■ **PROBLEM TO SOLVE**
A verbatim restatement of the data, free of pictures, is what you should output.

■ **RAW DATA**
○ ○ ○ ○ ○
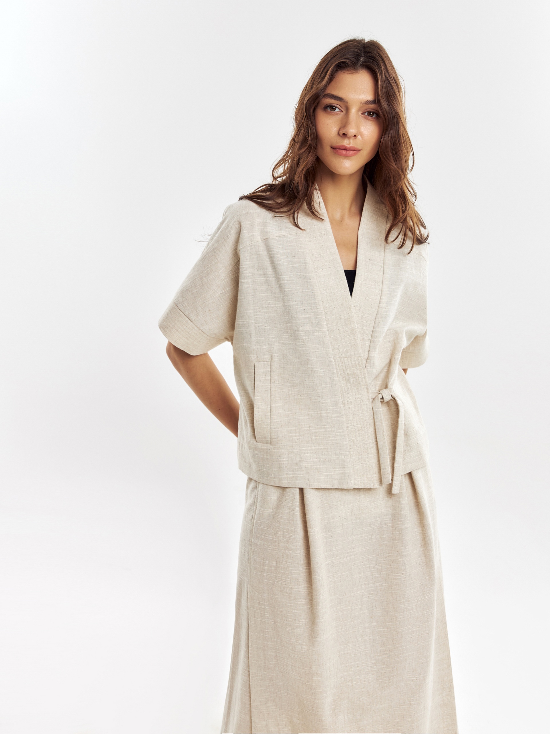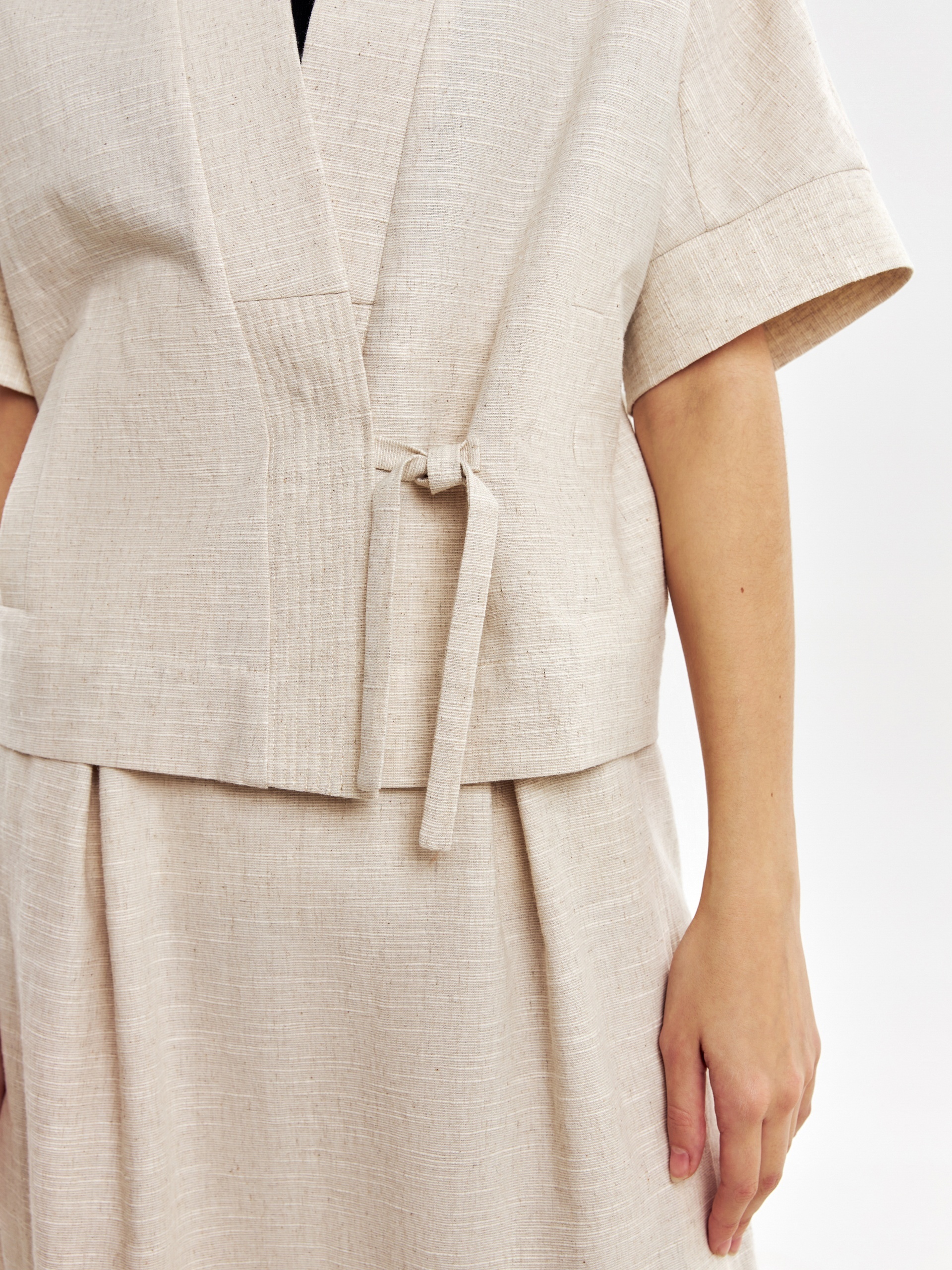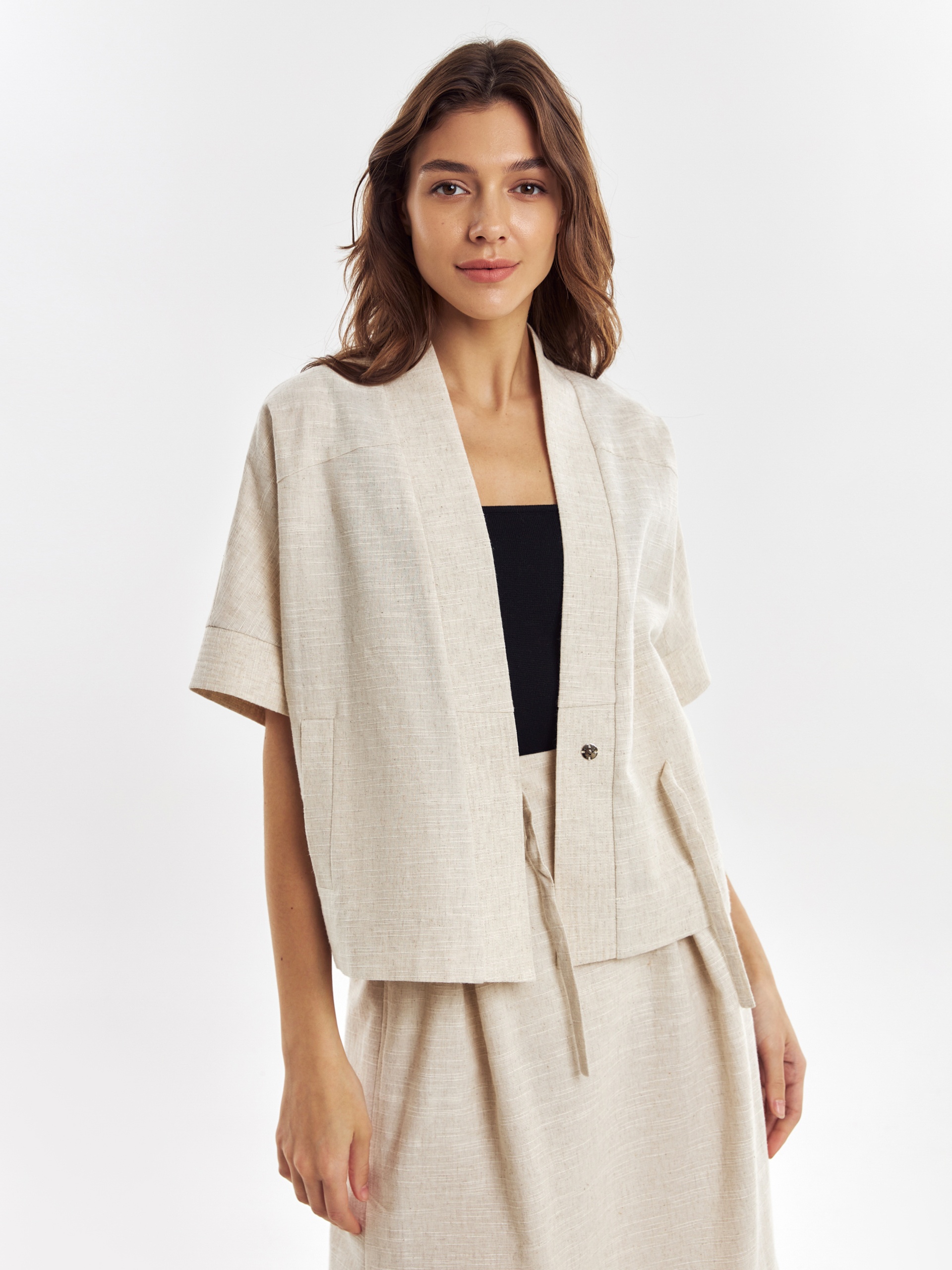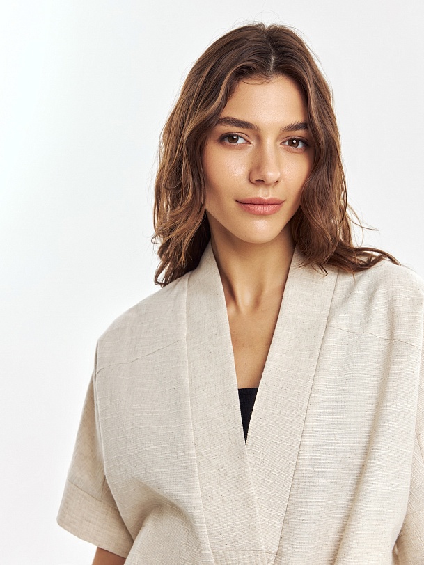 Прямой укороченный жакет на запах с завязками, с цельнокроеным рукавом кимоно на манжете с отстрочками. Жакет с воротником шалькой. Наклонные прорезные карманы листочки на полочке. Жакет выполнен из смесовой ткани хлопок-лен, имеет выраженную текстуру ткани.
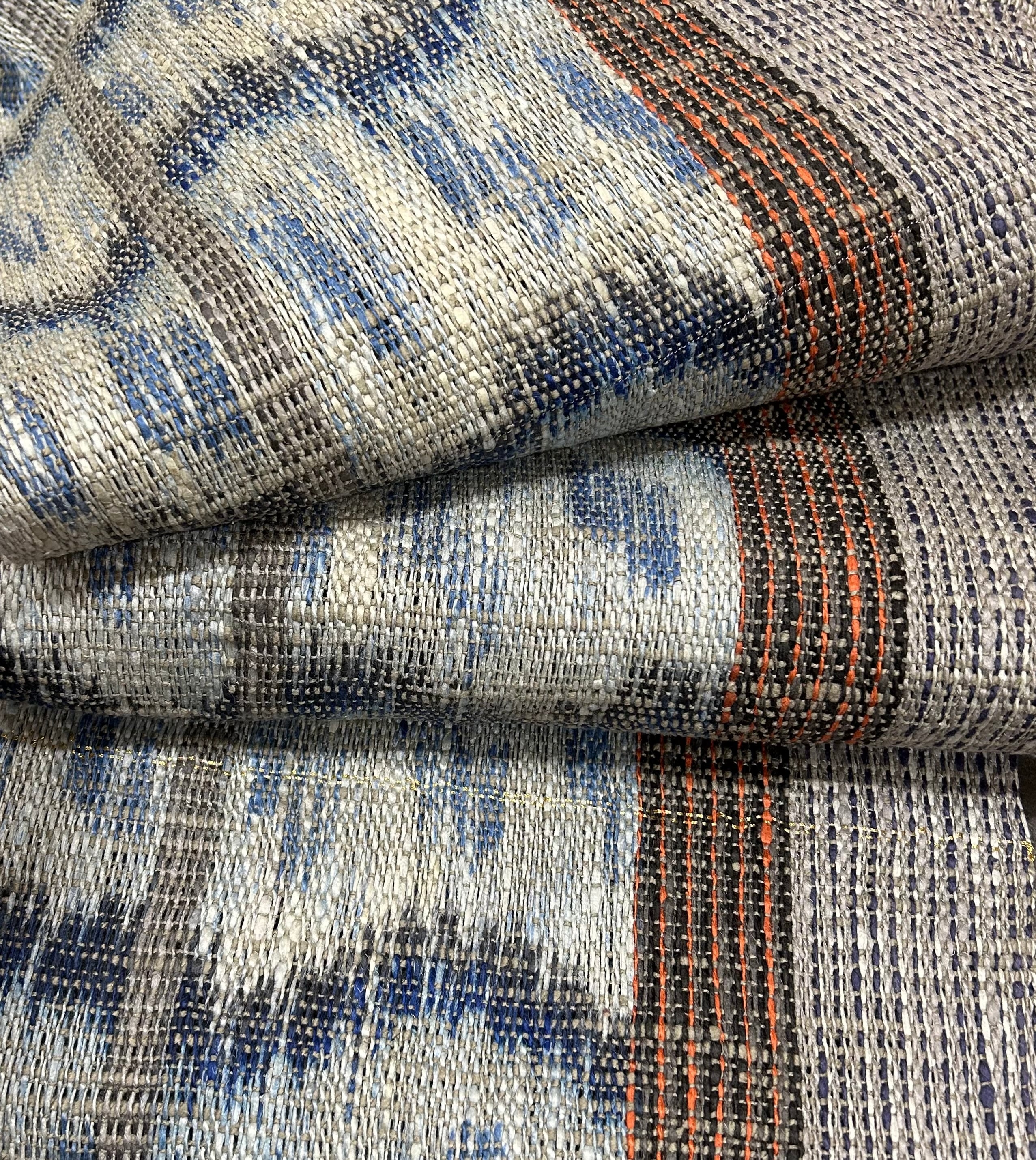 八寸名古屋帯 藍色の濃淡×茶鼠色×黄赤色 ザックリとしたとても凝った織 長さ 376㎝ Q5133
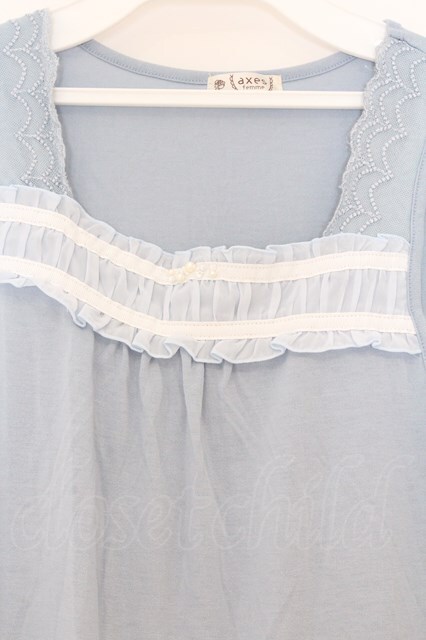 axes femme / シフォンフリルタンクトップ M サックス O-26-03-01-071-AX-TO-OW-OS
○ ○ ○ ○ ○
■ **TASK SOLUTION**
 Прямой укороченный жакет на запах с завязками, с цельнокроеным рукавом кимоно на манжете с отстрочками. Жакет с воротником шалькой. Наклонные прорезные карманы листочки на полочке. Жакет выполнен из смесовой ткани хлопок-лен, имеет выраженную текстуру ткани.
 八寸名古屋帯 藍色の濃淡×茶鼠色×黄赤色 ザックリとしたとても凝った織 長さ 376㎝ Q5133
 axes femme / シフォンフリルタンクトップ M サックス O-26-03-01-071-AX-TO-OW-OS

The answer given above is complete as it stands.